Interview with Pete Devine of Pete’s Rock News and Views (http://petesrocknewsandviews.com)
PD: What type of artist are you?
SAB- We make melodic rock/metal, with a dedicated devotion to the attention of authenticity and a focus on dark feelings and thoughts. We are not caught in the commercial circle but can give ourselves completely to the music. I really do think this separates us at least from some other groups out there. We are highly trained on our instruments and in song-writing, which gives us the freedom to do literally everything we want. We definitely can’t make a living out of music and are caught in the daily business, which leads to a view that is related to the peasant, not the king.
PD: Tell us the brief history of yourself.
SAB – I was born in 1991 in a small town in Austria – surrounded by more than 300 mountain summits excelling the 3000 meters range. While the summers are hot and wet, the winters might bring snow up to 5 meters that shiver in the sunlight for the 4 hours the sun is pleased to attend this place. I started with organ and piano, when I was at the age of 7 and moved on to bass when I was 13, guitar happened in the age of 14. I am a lefty, suffering ADHD, but I am playing my instruments right-handed. I failed high school twice and did my diploma in my grown-up years. I did machine-engineering school in my earlies. Now I am working as a programmer and will graduate business-computer-science (with an average of 1.12) in July 2022 (hopefully). I did every job that I can imagine, from a Mc Donald’s cook to a personal guard at the us-embassy in Vienna. I really didn’t miss a thing. In 2019 I got married to the love of my life and we are living, after some expose to Vienna, again in Lienz, Tyrol , which is the small town I mentioned (some 150 km south of Munic, and the same north of Triest). I was always into music, the fact that you can express yourself was always my go to feature of that. If something happens in my life, regardless good or bad, I have to put it into a song, otherwise I will never be satisfied with what happened and will never be able to close a chapter. My mother is Christian (more than it is good for anybody), my father doesn’t believe. But I was forced to attempt the Church every Sunday, when I was younger, which led to a nearly allergic reaction if someone wants to confess me to some religious thoughts.

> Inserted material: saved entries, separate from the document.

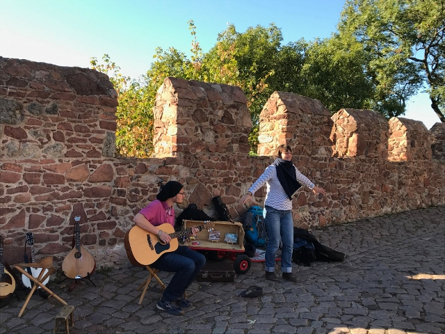 Also haben wir ersatzweise zwei spätsommerlich-frühherbstliche Nachmittage auf der Burgbrücke aufgespielt. Um es vorweg zu nehmen: Publikum und Resonanz waren grandios. Selbst die Tatsache, dass der berühmte Fahrstuhl am Burgberg (pünktlich und wieder einmal) ausgefallen ist und der (für bequeme Zeitgenossen) eingerichtete Shuttle für stete Publikumsbeschäftigung sorgte, konnte dem schönen Wochenende keinen Abbruch tun.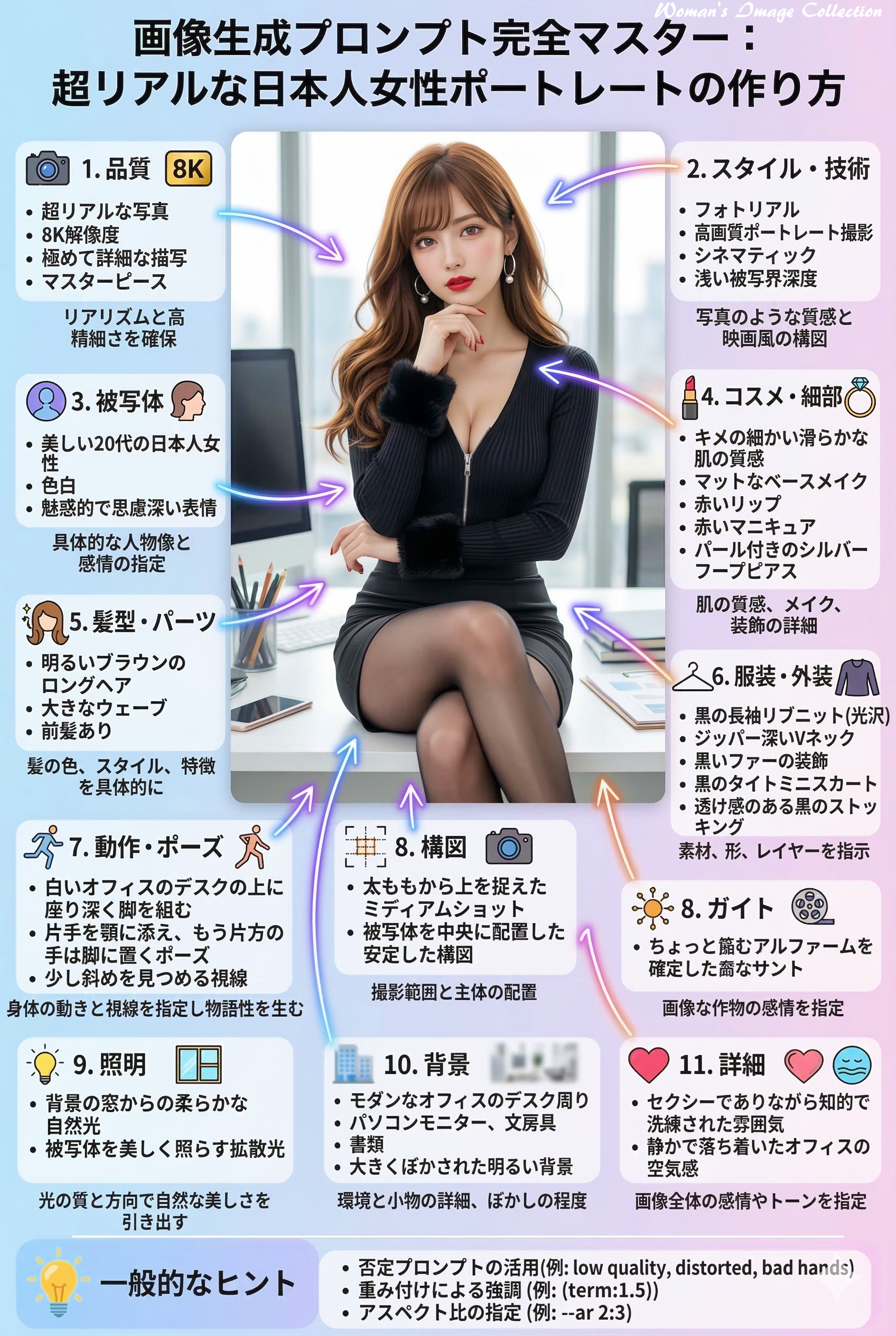 今回は、洗練されたオフィス環境を舞台に、知性と色香が同居する大人のポートレートをご紹介しました。ライティングやポージングの変化だけで、同じキャラクターでも「静寂な思考」から「ダイナミックなビジネスシーン」まで幅広く表現することが可能です。あなたのブログやSNSの素材として、ぜひこのプロンプト構成を参考に、魅力的なビジュアル生成に挑戦してみてください。
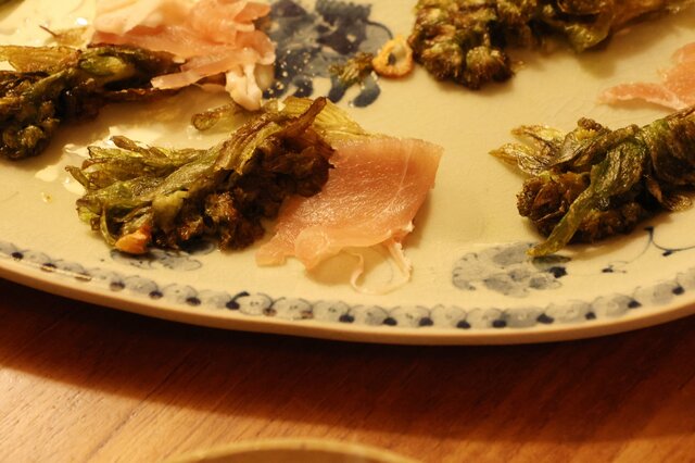 真美さんの本では、本当にシンプルに、フキノトウを揚げ焼きして生ハムをドサっと盛り付けている感じでした。

PD: Who are your musical and non-musical influences?
SAB – This list is probably extensive and I can answer that only for me. This probably starts a bit surprisingly with the Austropop legend Gert Steinbäcker, then goes on to rock, where especially AC/DC, Oopmh, Korn and Rammstein were important as well as Devildriver, In Flames, Children of Bodom, Aitvaras, Sepultura and Trivium are considered an influence for me. Also, the techno “junk” of the 90s, Avril Lavigne, Nena, Bonnie Tyler and Green Day as well as Hans Zimmer and John Williams may not be missing on this list. When it comes to the profundity of lyrics, Steinbäcker probably influenced me the most. My guitar sound is based on Angus Young’s with an extra tick of distortion and a little less bass. Where vocally I was inspired by Children of Bodom and Sepultura, in songwriting it was In Flames, Aitvaras and Devildriver – at least that’s how I explain the outcome on “Harlequin”.
PD: What are your dreams and goals?
SAB – The recipe for Bad Luck is the divergence of “dreams” and reality – so I try not to think about that too much for the sake of happiness. If I had the chance for a European or US tour once in a lifetime, this would be a nice gimmick. But the overall dream might be to just continue with that what actually is. I mean, everything is perfect by now. I can make music, some enjoy. Also, the programmer life is not bad at all. There will always be a “more”, but I will wage that out for the given price.
PD: Who writes your songs, what are they about?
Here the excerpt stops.